Politically, the high attendance at the meeting dealt a huge blow to the beleaguered ruling family of Punjab, the Badals, who are already struggling to defuse the unprecedented crisis caused by the spate of mysterious desecrations of the Guru Granth Sahib. The Badals’ back-door parleys succeeded in dissuading a few leaders from participating in the “Sarbat Khalsa”. However, the lakh-strong participants came from not only far corners of the state, but even the adjoining states to make the meet a grand success.
Many of those who turned up told The Sunday Guardian that they were forced to get down from their buses much ahead of the venue. “This was done by the government, but we were determined to make it, come what may,” said one of them. The massive gathering was a surprise, but what probably no one had anticipated was how Khalistan would dominate the proceedings. But the organisers had Khalistan on mind from the word go, as was evident from the bigger-than-life-size posters and billboards featuring militant leader Jarnail Singh Bhindranwale — who was killed in Operation Blue Star — dotting the venue. Even the hoardings welcoming the participants had Bhindranwale’s posters along with that of Major General Shabeg Singh, who led the militants against Operation Blue Star.

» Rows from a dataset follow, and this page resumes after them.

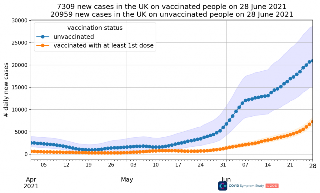 Stop Press: According to the ZOE app’s latest daily report, symptomatic infections in people vaccinated with at least one dose are increasing about as fast as in unvaccinated people, albeit from a lower level. While the data on vaccine effectiveness against serious illness and death has been consistently encouraging, data on effectiveness against infection has been more mixed, and this latest data suggests some of the more optimistic estimates may be on the high side.
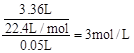 3、填空题 (8分)3.01×1023个HCl分子的物质的量是?,摩尔质量是?,其在标准状况下的体积为?,将其溶于水配成1L溶液,所得溶液的物质的量浓度为?。
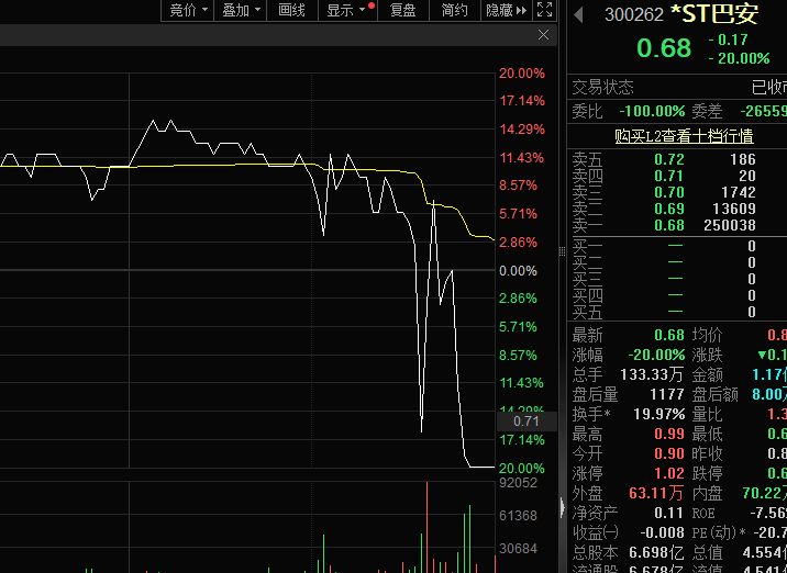*ST巴安尾盘跌停
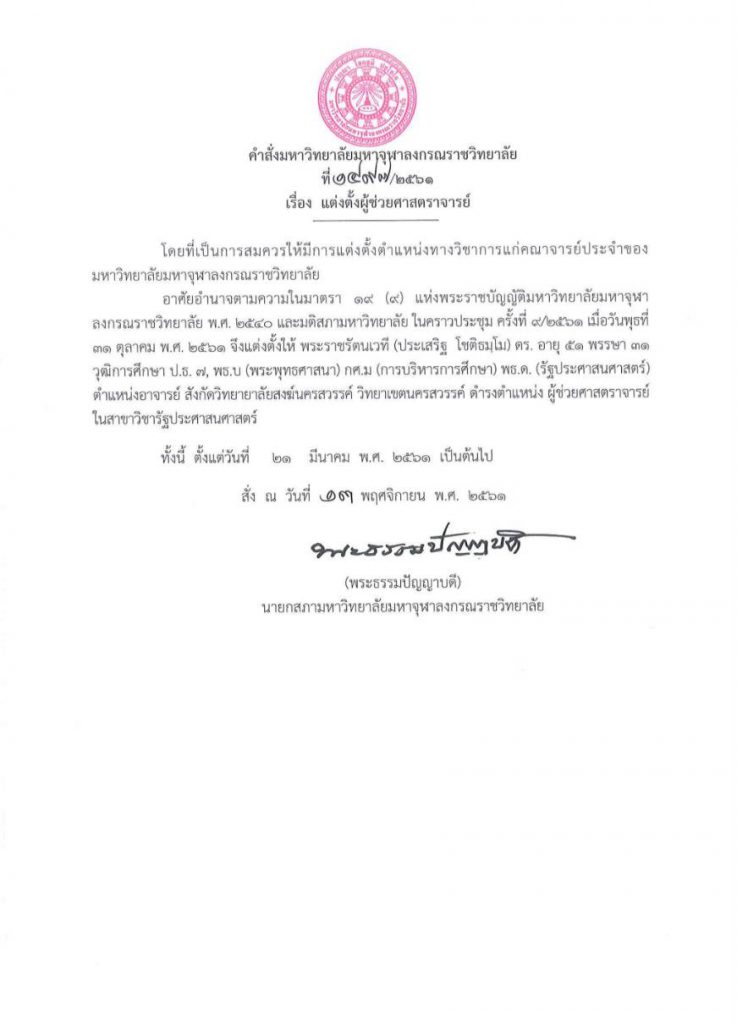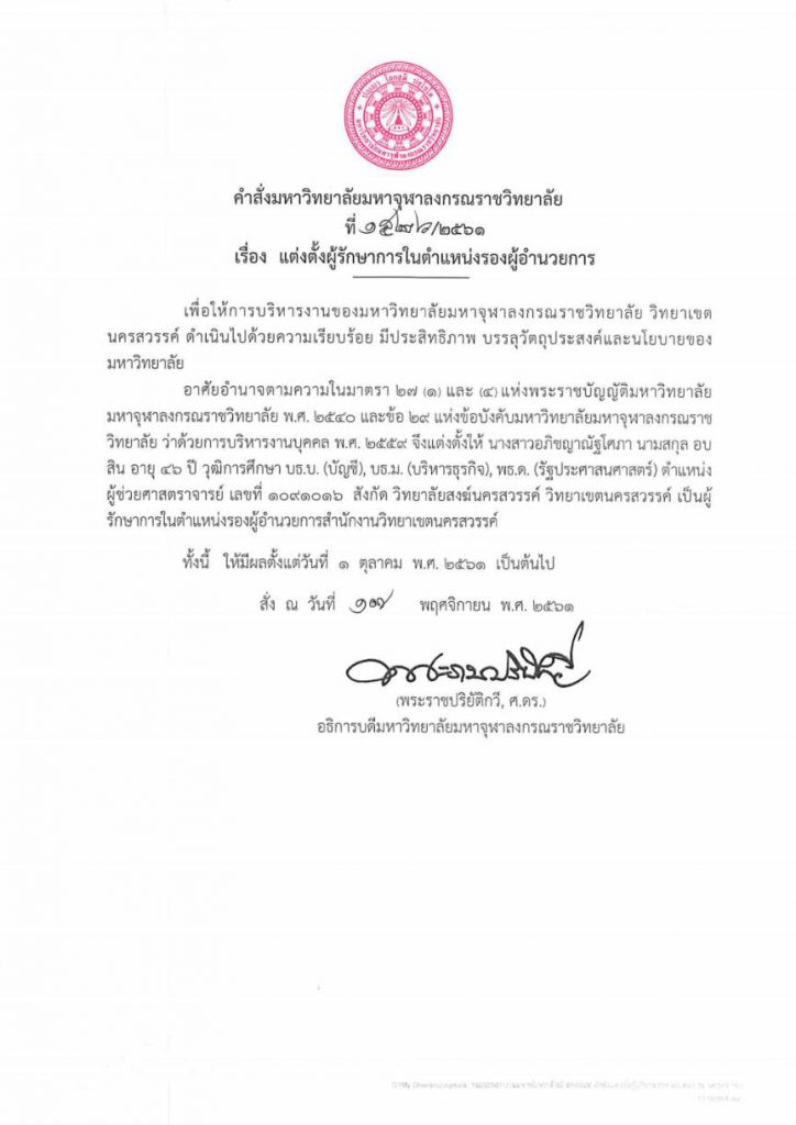 คำสั่งมหาวิทยาลัยมหาจุฬาลงกรณราชวิทยาลัย แต่งตั้งผู้รักษาการในตำแหน่งผู้อำนวยการ , แต่งตั้งผู้รักษาการในตำแหน่งรองผู้อำนวยการ , แต่งตั้งผู้ดำรงตำแหน่งรองผู้อำนวยการ 1. พระราชรัตนเวที, ผศ.ดร. ดำรงตำแหน่ง “รักษาการผู้อำนวยการวิทยาลัย วิทยาลัยสงฆ์นครสวรรค์” 2. ผศ.ดร.อภิชญาณัฐโสภา อบสิน ดำรงตำแหน่ง “รักษาการรองผู้อำนวยการสำนักงานวิทยาเขตนครสวรรค์” 3. ผศ.ดร.อัครเดช พรหมกัลป์…
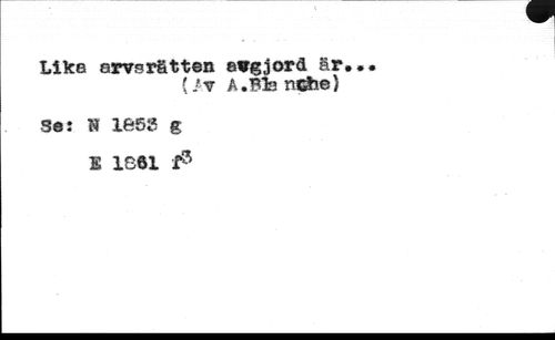 Lik© arvsrätten evgjorâ är* //// {/v A.tfiî nctie) //// Se: K 1652 g //// E 1861 fi
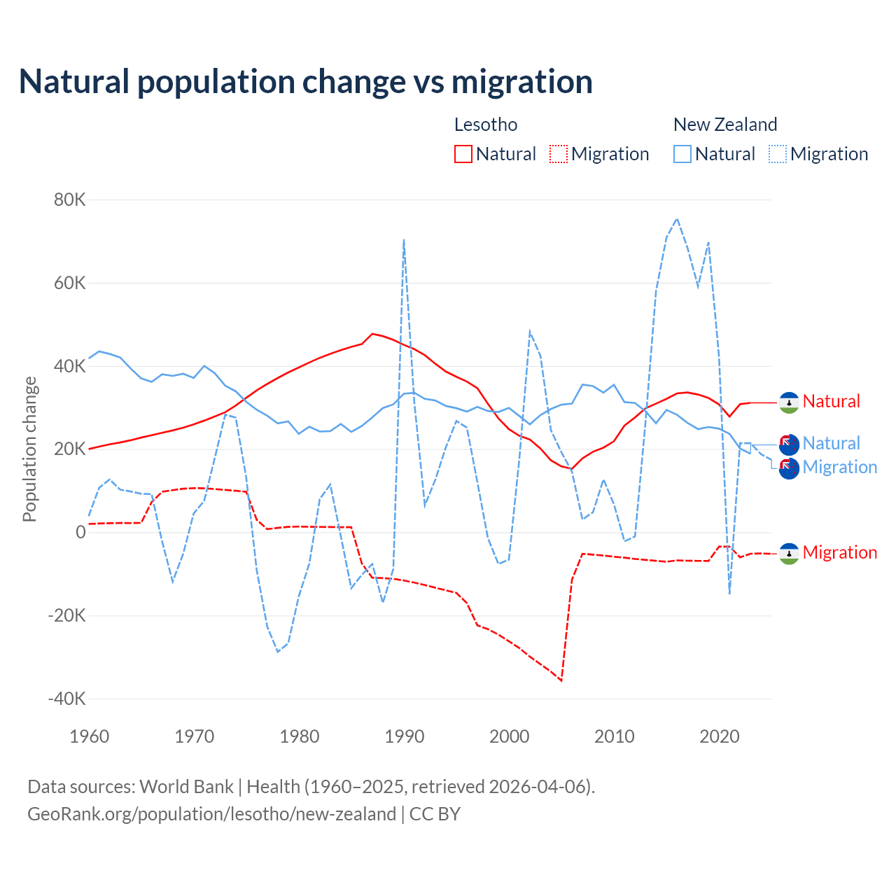 Over the last 10 years, 84.2% of the population change in Lesotho is from natural causes (a gain of 315,836 people) and 15.8% is from migration (a loss of 59,457 people). In New Zealand 34.4% is from natural causes (a gain of 247,767 people) and 65.6% is from migration (a gain of 471,602 people).
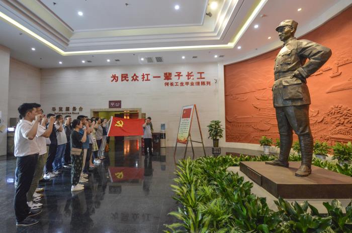 ? ? “我志愿加入中国共产党,拥护党的纲领,遵守党的章程……”纪念馆大厅,何长工同志雕像前,鲜红的党旗下,全体党员同志在机关支部书记袁雪翔同志的带领下,高举右拳,庄严宣誓,重温入党誓词。铮铮誓言,铿锵承诺,表达的是对党的忠诚,为共产主义事业奋斗终生的决心,饱含着担当作为、实干兴司的强烈愿景。
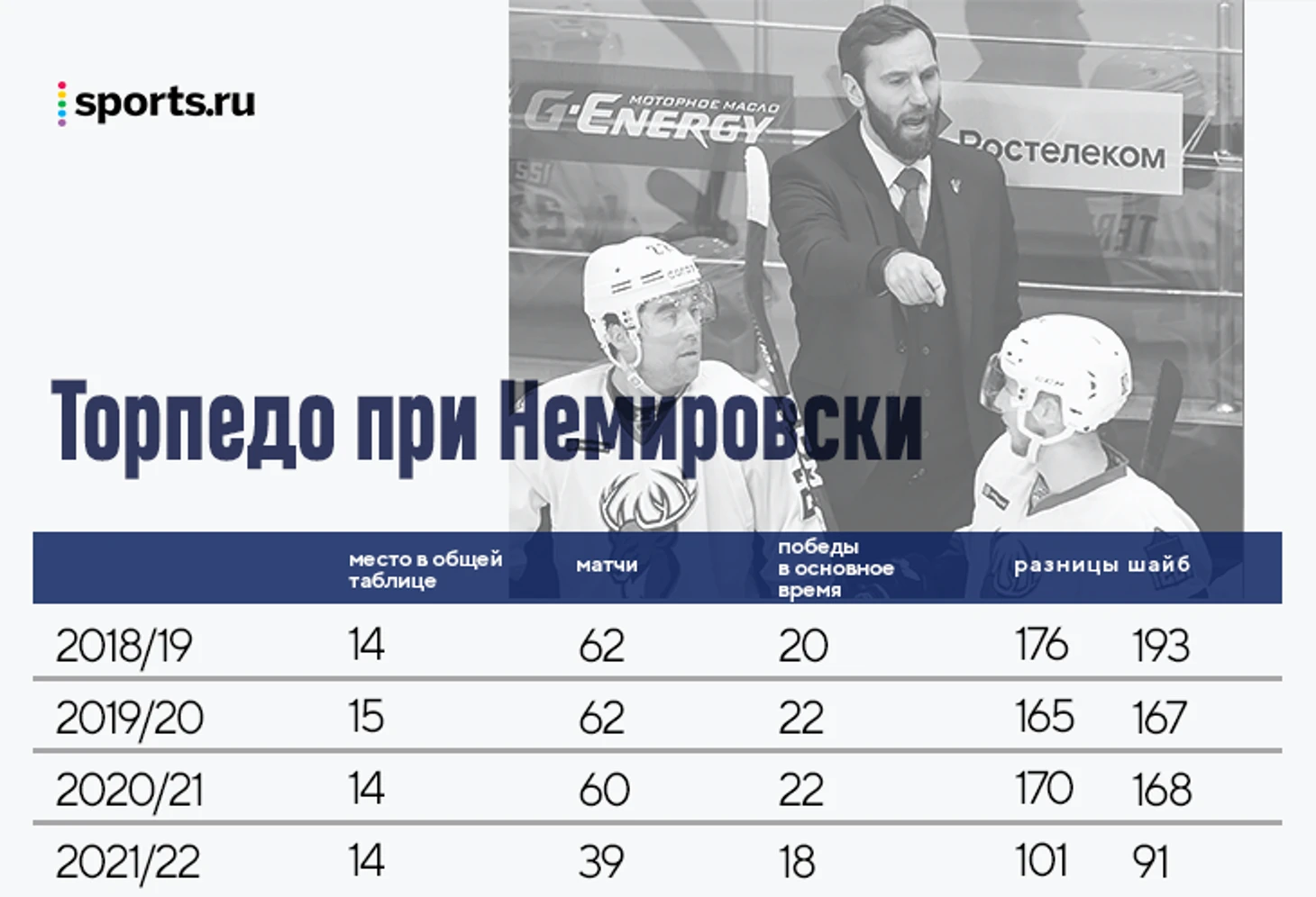 «Торпедо» при Дэвиде Немировски – интересный пример стабильности в КХЛ. Как бы руководство лиги ни кидало клуб из одной конференции в другую и обратно, нижегородцы постоянно цеплялись за середину таблицы, заползая в плей-офф. Даже перерыв на Евротур они встретили на своей любимой позиции.
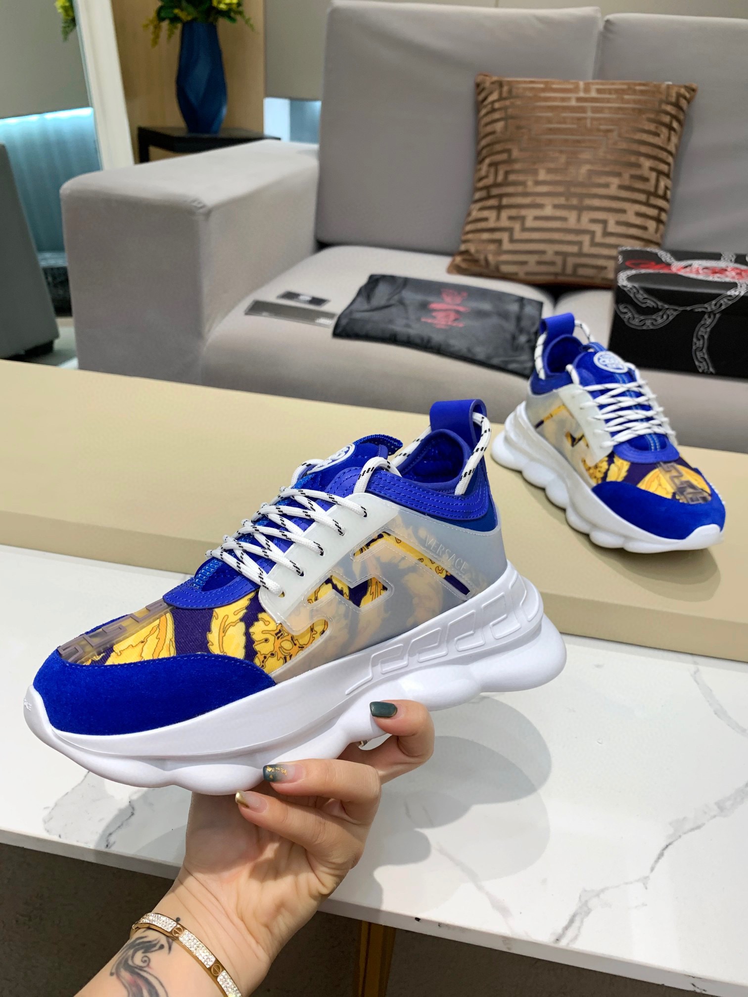 这款鞋子是AAAAA 1:1 质量 (非常棒). 使用了和原版一模一样的材料. 商标部分也保持了和范思哲/Versace一样. 图片拍摄是实物鞋子拍摄, 您所收到的实物保证和我们图片一模一样.
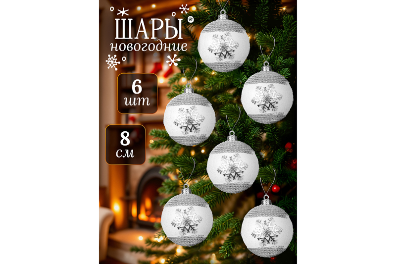 Набор 6 новогодних шаров 8*8 см "Снежинка"

The speakers at the event showered praises on the militant leaders and emphasised how the Sikhs had been “betrayed” by India and its leaders for the past 68 years. Chief Minister Parkash Singh Badal came in for a lot of flak as well, just as in the 1980s when he was named one among “Sikh kaum de teen gaddar (three traitors of the Sikh community)”. Speaker after speaker attacked Badal, and stressed how they needed to work towards their goal of a separate Khalistan. Even a letter from jailed militant Narain Singh Chaura written along these lines was read out.
However, it was the resolution declared towards the end of the Sarbat Khalsa that took many by surprise. It was announced that the sacrifices of the militants would not be allowed to go waste, and the mission to create a separate country and International Sikh Parliament would be carried forward. K.P.S. Gill and Lt Gen K.S. Brar, who had led the charge against the militants in Operation Blue Star, were declared tankhaiyas (guilty) for that “sin”. The gathering erupted into a huge roar when it was announced that the jathedars of the Akal Takht stand relieved of their duties and Sikh militant Jagtar Singh Hawara would be taking over as jathedar. Hawara is lodged in a Chandigarh jail after his conviction for his role in the assassination of Chief Minister Beant Singh.
The resolutions sent the Punjab government into a tizzy as it had a fresh crisis on hand on how to deal with the “parallel jathedars”. The state responded by putting these jathedars under preventive arrest. Also arrested were the chief organisers, Akali Dal (Amritsar) head Simranjit Singh Mann and United Akali Dal chief Mohkam Singh. The government now anxiously awaits the next move of the hardliners.